Directions: Write out nothing but the lines from the one containing "Faixa Decorativa Especial" through the last line below, both included, and without the pictures.
** Opening Task material block **
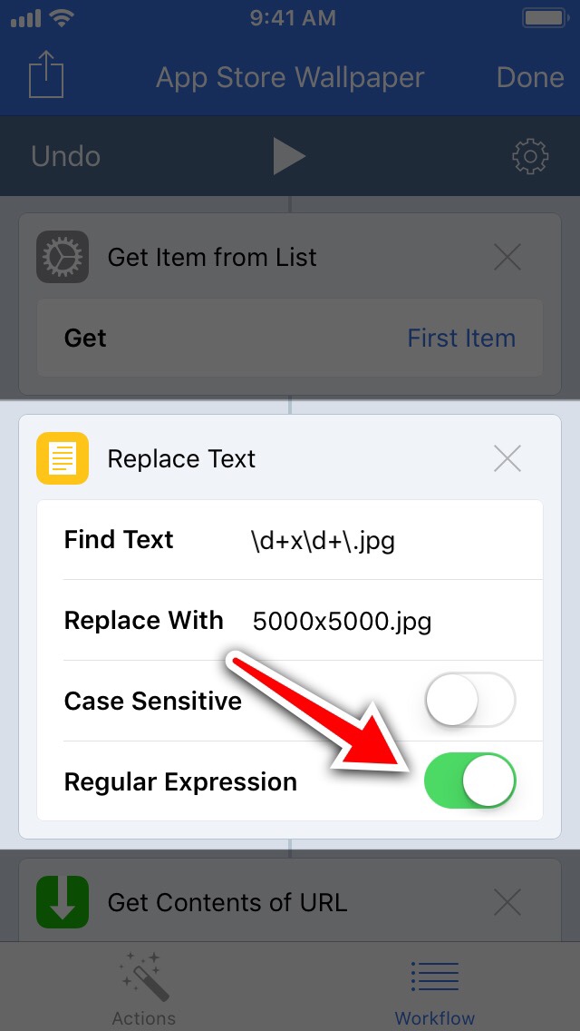 这里使用 Replace Text 动作加上正则表达式来查找并替换链接中的分辨率参数,为了获取最大的分辨率,本例中将参数设置成了 5000x5000(最终实际下载的图片还是 4K 分辨率的)。
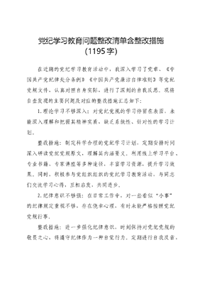 党纪学习教育问题整改清单含整改措施(1195字)在近期的党纪学习教育活动中,我深入学习了党章、《中国共产党纪律处分条例》《中国共产党廉洁自律准则》等党纪党规文件,认真对照自身实际,进行了深刻的自我反思。现将自查发现的主要问题及对应的整改措施汇总如下:1.理论学习不够深入:对党纪党规的学习停留在表面,未能深入理解和把握其精神实质,缺乏系统性、针对性的学习计划。整改措施:制定科学合理的党纪学习计划,定期安排时间深入研读党纪党规原文,理解其内涵要义。利用线上学习平台、专业书籍、专家讲座等多种途径,丰富学习资源,提升学习效果。同时,积极参与党组织组织的党纪学习教育活动,与同志们交流学习心得,互相启发,共同进步。2.纪律意识不够强:在日常工作中,对一些看似小事的纪律规定重视不够,存在侥幸心理,有时未能严格按照党纪党规行事。整改措施:进一步强化纪律意识,时刻保持对党纪党规的敬畏之心,将遵守纪律作为一种自觉行为。定期进行自我反省,对照党纪党规查摆问题,发现问题立即改正。积极参与警示教育活动,以反面典型为镜,警示自己时刻绷紧纪律之弦。3.服务群众意识有待加强:在工作中,虽然能够尽职尽责完成本职工作,但在主动服务群众、解决群众实际困难方面做得还不够。整改措施:牢固树立全心全意为人民服务的宗旨意识,坚持以人民为中心的发展思想。深入基层一线,了解群众需求,积极为群众办实事、解难题。加强与群众的沟通交流,建立畅通的反馈机制,及时回应群众关切,不断提升群众满意度。4.廉洁自律意识需进一步提升:在面对一些诱惑时,有时未能做到坚决抵制,存在小节无妨大碍的思想误区。整改措施:深入学习廉洁自律相关规定,明确红线与底线,坚决抵制各种不正之风。严格执行--八项规定及其实施细则精神,坚决反对四风,做到公正用权、依法用权、为民用权、廉洁用权。定期进行自我检查,对可能出现的廉洁风险点进行梳理分析,制定有效的防控措施。5.担当精神有待强化:在面临困难和挑战时,有时会出现畏难情绪,缺乏攻坚克难的决心和勇气。整改措施:进一步增强责任意识和担当精神,面对困难和挑战,敢于迎难而上,积极寻求解决问题的办法。在工作中,文可居文库——海量学习资料,手机电脑均可下载www.wenkeju.com主动承担急难险重任务,以实际行动展现共产党员的担当精神。加强党性锻炼,提升党性修养,锤炼坚强党性,始终保持昂扬向上的精神状态。通过上述问题的梳理与整改措施的制定,我深感自身在党纪学习和遵守方面还存在不少不足。我将以此次整改为契机,严格按照整改措施进行整改,不断提升自己的党性修养和纪律意识,争做一名守纪律、讲规矩、敢担当、乐奉献的优秀共产党员。在今后的工作生活中,我将继续深入学习党纪党规,将其内化于心、外化于行,以实际行动践行党员的初心和使命。同时,我将自觉接受党组织和同志们的监督,确保整改工作取得实实在在的效果,为推动全面从严治党向纵深发展,为实现中华民族伟大复兴的中国梦贡献自己的一份力量。文可居文库——海量学习资料,手机电脑均可下载www.wenkeju.com
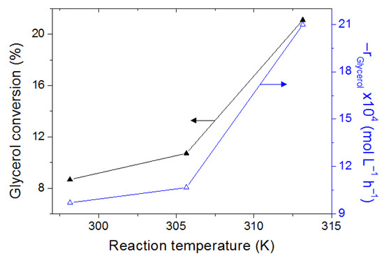 The effect of reaction temperature was studied in the range of 298.15–313.15 K while keeping the concentration of catalyst (0.25 g/L) and glycerol (6.25 × 10−2 M) constant. Figure 10 shows the glycerol conversion and initial reaction rate with different temperatures on the photo-oxidation reactions. As can be seen, the increase in temperature promotes the degradation of glycerol, achieving a conversion of 21% at 313.15 K in 6 h. This is related to a greater molecular excitation that favors the interaction between the glycerol molecules and the catalyst, which increases the catalytic activity [52]. Likewise, initial reaction rates are favored by the increase in temperature. The decrease in glycerol concentration due to evaporation from solution is considered negligible.
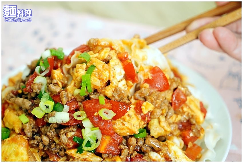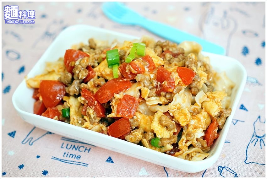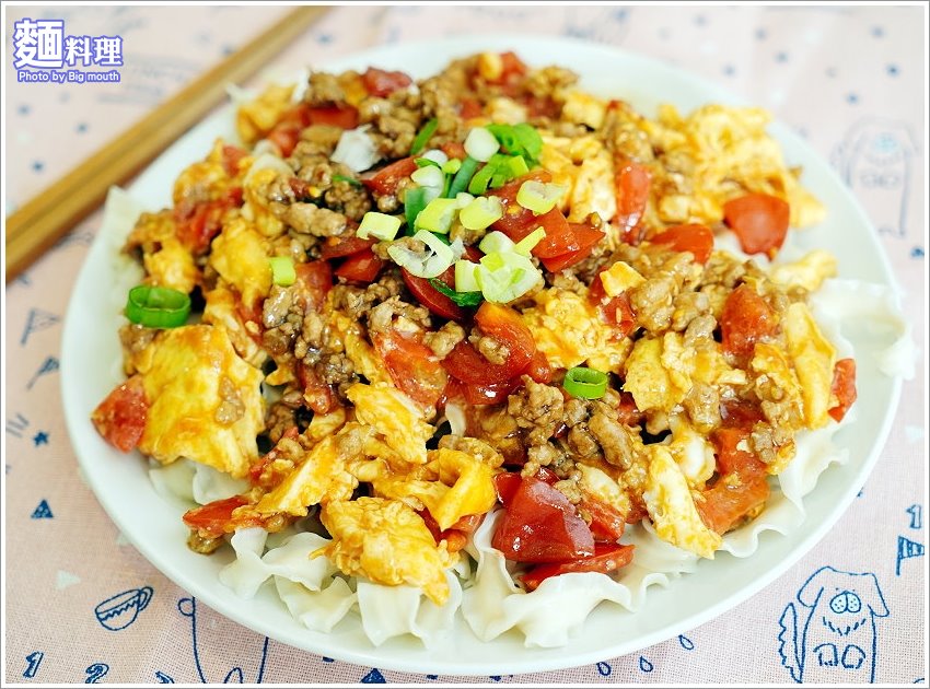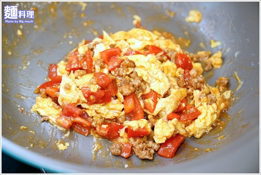 ▼接著就是把拌炒好的番茄肉燥蛋花淋上去~
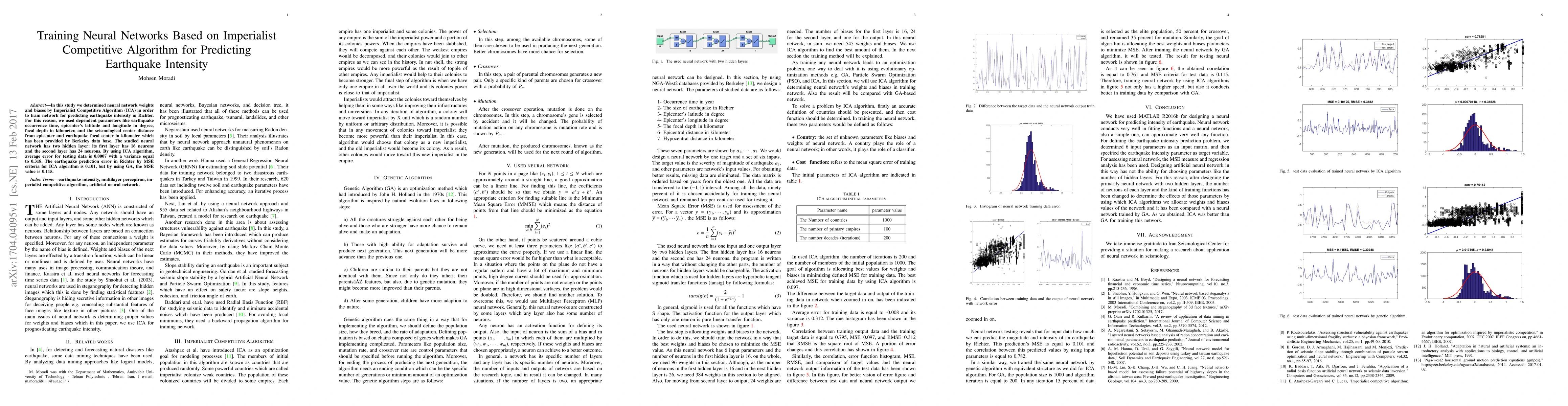 This study uses the Imperialist Competitive Algorithm (ICA) to train a neural network for predicting earthquake intensity in Richter scale. The neural network, with two hidden layers, achieved an average testing error of 0.0007 and a mean squared error (MSE) of 0.101, outperforming genetic algorithm (GA) with an MSE of 0.115.
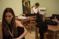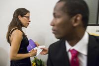 Wojciech Grzędziński, Chopin i Jego Europa 2016, Przerwa po I części koncertu symfonicznego, Beatrice Rana otrzymuje gratulacje, rozmowy kuluarowe w Filharmonii Narodowej, Warszawa, 30/08/2016.
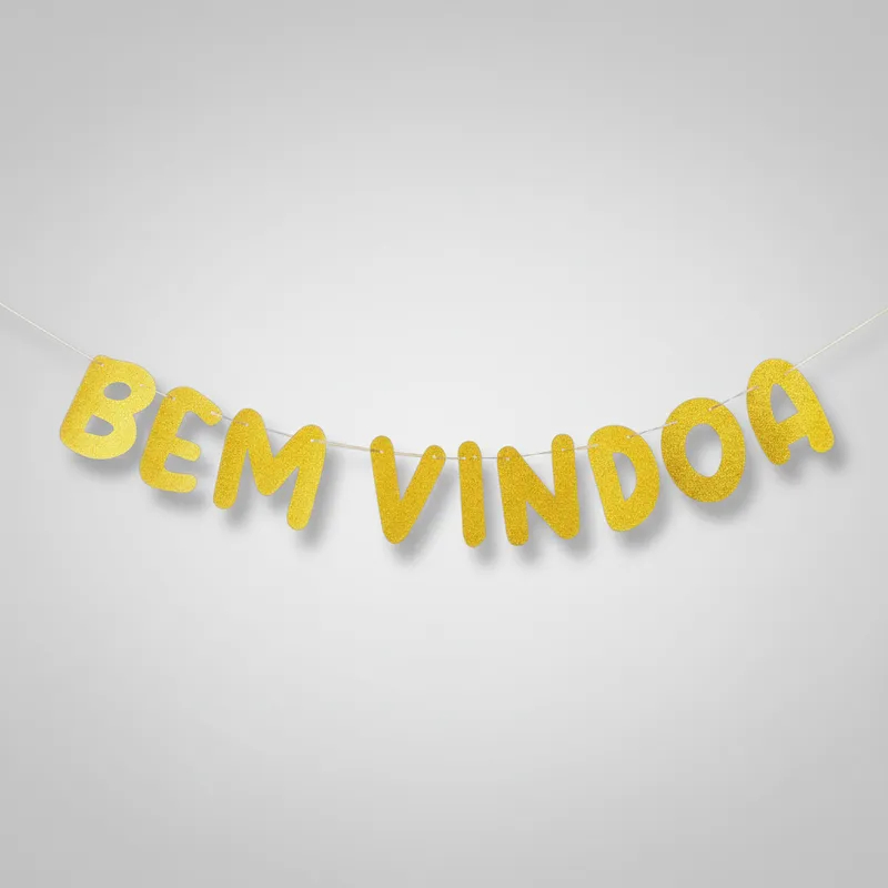 Faixa Decorativa Especial - Bem-vindo - Bem-vinda - Glitter Dourada
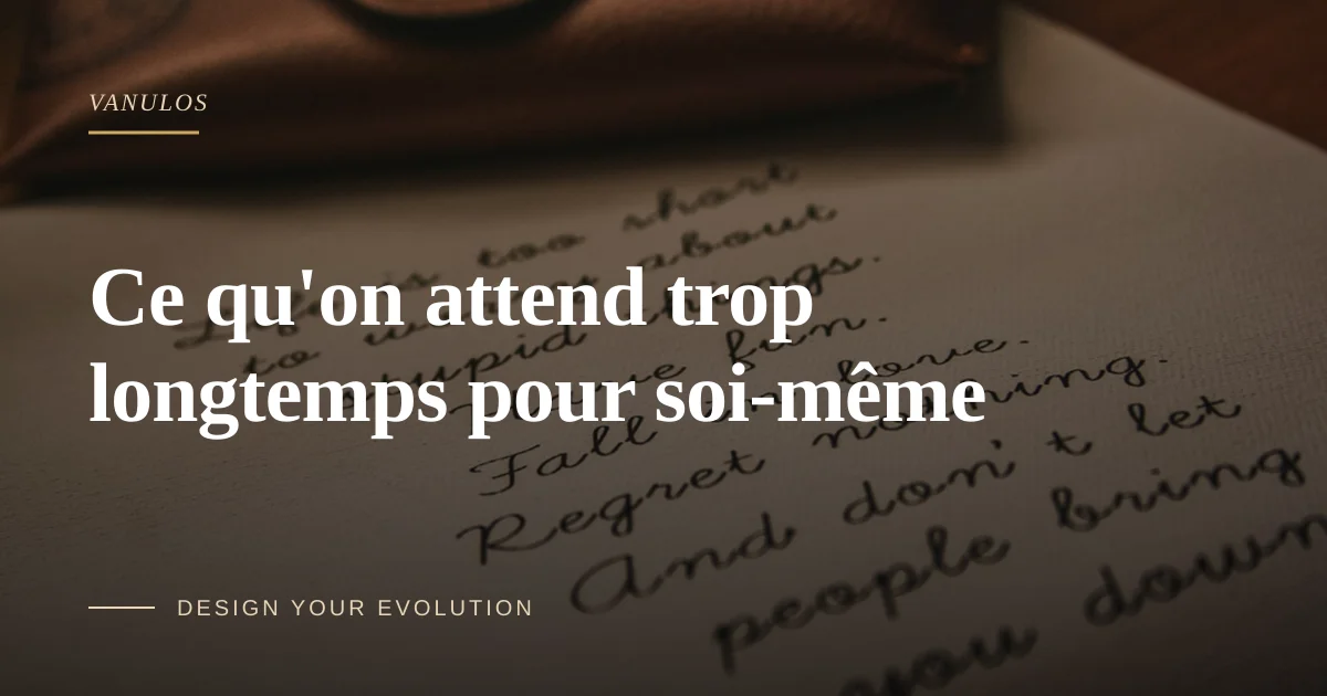 Tu peux être ce quelqu'un. Pas demain — aujourd'hui, dans l'heure qui vient, avec la première petite chose de ta liste. Design Your Evolution n'est pas sur notre bandeau par hasard. C'est le seul vrai travail que chacun d'entre nous ait jamais, et l'horloge tourne que l'on démarre ou non.
** Closing Task material block **
Result:
 Faixa Decorativa Especial - Bem-vindo - Bem-vinda - Glitter Dourada
 Tu peux être ce quelqu'un. Pas demain — aujourd'hui, dans l'heure qui vient, avec la première petite chose de ta liste. Design Your Evolution n'est pas sur notre bandeau par hasard. C'est le seul vrai travail que chacun d'entre nous ait jamais, et l'horloge tourne que l'on démarre ou non.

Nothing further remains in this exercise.